Whole Foods, CVS, Target, Rite Aid and Walgreens all plan to stop selling products contain popular parabens like butyl- and propylparaben by the end 2021.
You’re most likely to develop reactions to parabens if you use products that contain these chemicals often, such as by wearing makeup, lotions, deodorants and sunscreen daily. Using toothpastes with parabens is another significant exposure source.
This means that it’s most impactful to ditch conventional brands of these products and to switch to natural, organic and parabens-free brands.
Ideally, look for beauty and skin care products that are free of endocrine disruptors, including phthalates, parabens and other phenols. These tend to be natural and organic brands that use effective alternatives to parabens to prevent microbial growth in their products.

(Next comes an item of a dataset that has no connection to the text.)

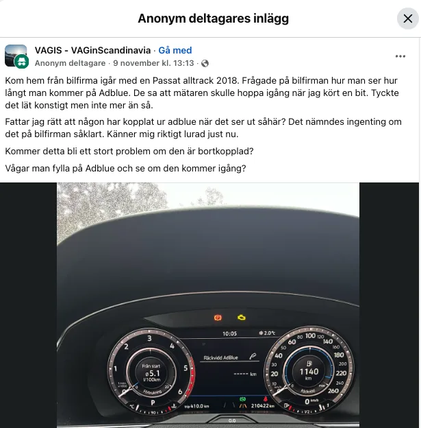 – Kom hem från bilfirma igår med en Passat Alltrack 2018. Frågade på bilfirman hur man ser hur långt man kommer på AdBlue. De sa att mätaren skulle hoppa igång när jag kört en bit, skriver personen.
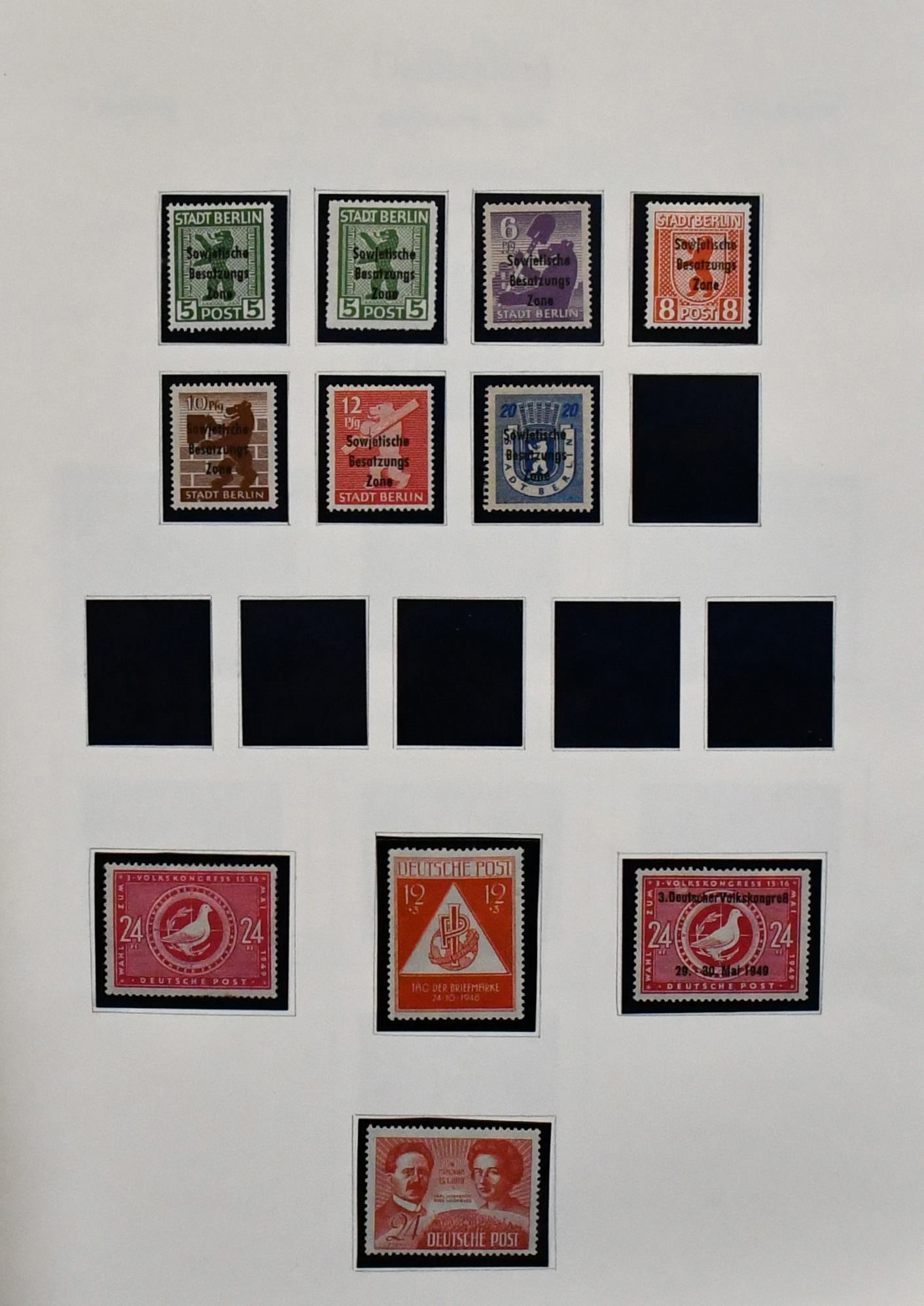 DDR, 1949/1960, Slg. nur der ersten Jahre im Album. Dabei viele bessere Werte wie u.a. Nr. 242/47, 261/70, 286/88 einmal postfr. (Nr. 287 ungebr.) und einmal gest., alle vier Marx-Blöcke, Bl. 10/15 postfr. usw. Mi. 2200,-

These products may be a bit more expensive and have shorter shelf lives than conventional products (six months to a year), but they can drastically cut down on levels of parabens you’re exposed to.
For recommendations for safer products, check out the Breast Cancer Action’s list of over 100 cosmetics and personal care product that are made by companies committed to avoiding parabens. The Environmental Working Group also posts frequent recommendations about choosing safe products.
Wearing less makeup can also help you avoid parabens. A 2019 study found that adolescent girls who wore makeup every day had significantly higher levels of propylparaben in their urine compared to those who rarely wore makeup.
Research suggests that it’s most important to avoid exposure to longer-chain parabens, especially propylparaben and butylparaben. These two have been linked to stronger estrogenic activity and hormone-related issues.
- What is a paraben, and why is it bad? A paraben is a chemical that is used as a preservative in cosmetic products. These chemicals help prevent the growth of harmful bacteria and mold.
- While parabens are legal to use in the U.S., some have been banned in Europe and Asia. Bans are due to potential concerns over how they may impact hormone health, fertility, growth and development.
- To avoid parbens, read ingredient labels, and choose brands that don’t take the following chemicals: methylparaben, propylparaben, butylparaben or ethylparaben.